Ce jugement a une portée pratique significative car il établit une distinction claire entre les biens situés en Israël (soumis à la loi israélienne) et ceux situés en France (régis par l’accord). Le tribunal adopte ainsi une approche territoriale, respectant les régimes patrimoniaux du pays d’origine tout en appliquant le droit israélien aux biens acquis sur le territoire israélien.

Recommandations pour les nouveaux immigrants :

  1. Si vous avez immigré en Israël et souhaitez que le régime de séparation des biens continue de s’appliquer en Israël, il est indispensable de faire homologuer l’accord conclu en France auprès du tribunal aux affaires familiales israélien.
  • Une autre option consiste à rédiger un nouvel accord matrimonial conforme à la loi israélienne.
  • Dans le cas où votre conjoint(e) refuse d’homologuer l’accord établi en France ou de signer un nouvel accord matrimonial en Israël, il est essentiel de maintenir une séparation de biens stricte, en respectant les principes suivants :
  • Éviter d’ouvrir un compte bancaire commun ;
  • Ne pas acquérir un bien immobilier au nom des deux conjoints si le financement provient uniquement de l’un d’eux ;
  • Ne pas résider dans un logement acheté par un seul des conjoints ;
  • Ne pas contracter de prêt hypothécaire commun par rapport à un bien acquis via le financement de l’un des conjoints uniquement ;
  • Éviter d’inscrire l’autre conjoint comme coemprunteur sur un prêt hypothécaire relatif à un bien dont le financement provient uniquement de l’un des conjoints.
  • En cas de litige porté devant le tribunal, il est impératif de fournir une expertise détaillée sur le droit français. Celle-ci doit présenter de manière précise la situation juridique en France, en citant les articles de loi pertinents, afin de les soumettre au tribunal israélien.

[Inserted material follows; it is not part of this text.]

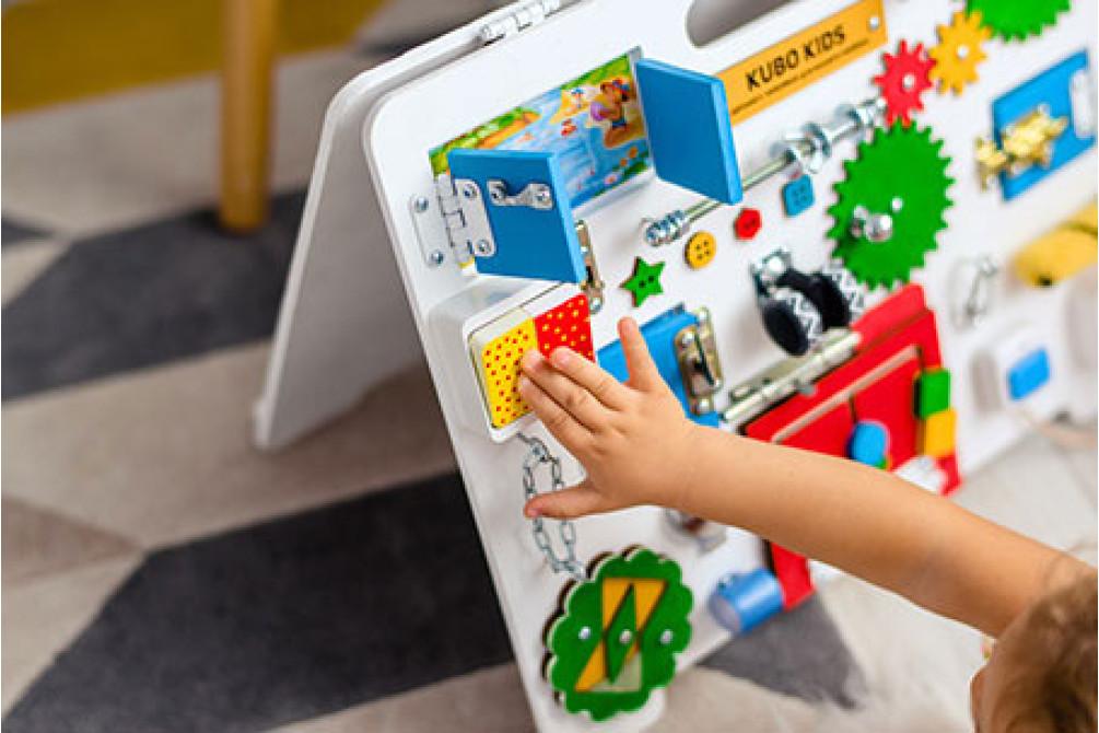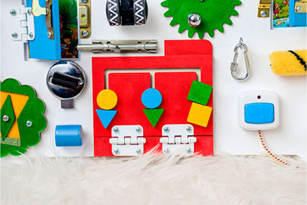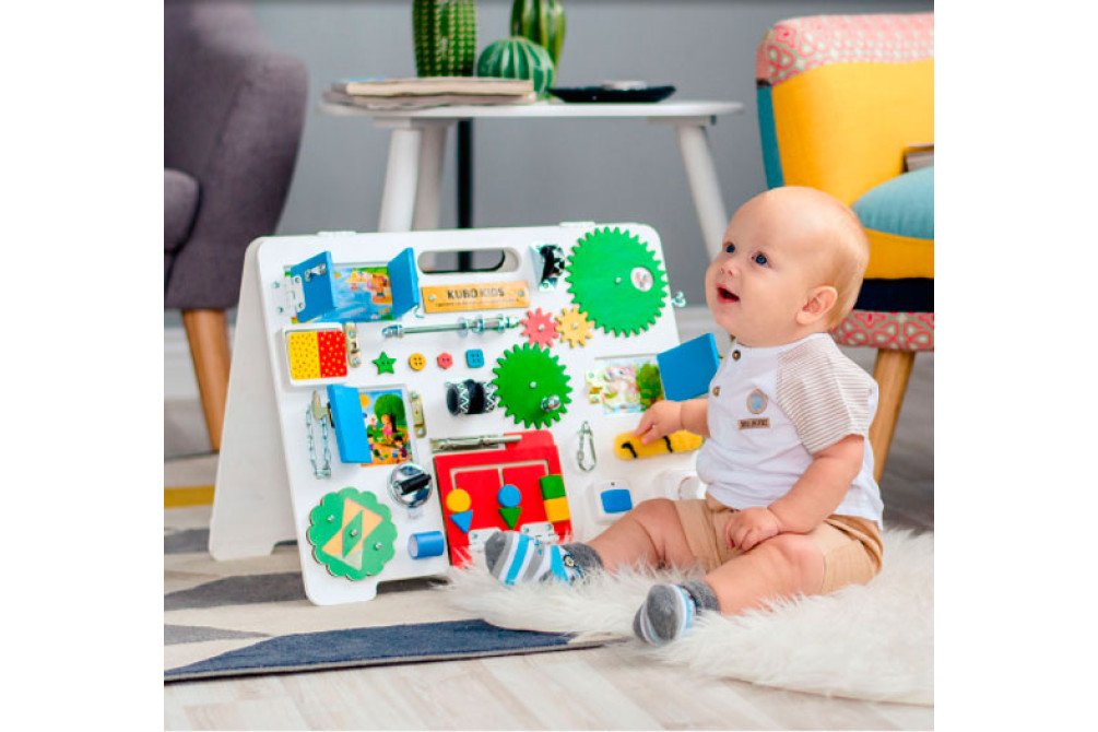Яркий, красочный двусторонний бизиборд от КубоКидс представляет собой доску Монтессори, на одной из сторон которой расположено более 20 интересных и полезных для ребёнка интерактивных обучающих элемента, среди которых вращающиеся шестерёнки с картинками животных, головоломка "собери цвета/фигуры", различные дверцы с замочками, выключатель, кнопки, песочные часы и др.

[1] Article 15 de la loi sur les relations patrimoniales entre époux 5733-1973 :” Les relations patrimoniales entre époux sont régies par la loi de leur lieu de résidence au moment de la célébration du mariage. Cependant, ils peuvent, par le biais d’un accord, établir ou modifier ces relations conformément à la loi de leur lieu de résidence au moment de la conclusion de cet accord.”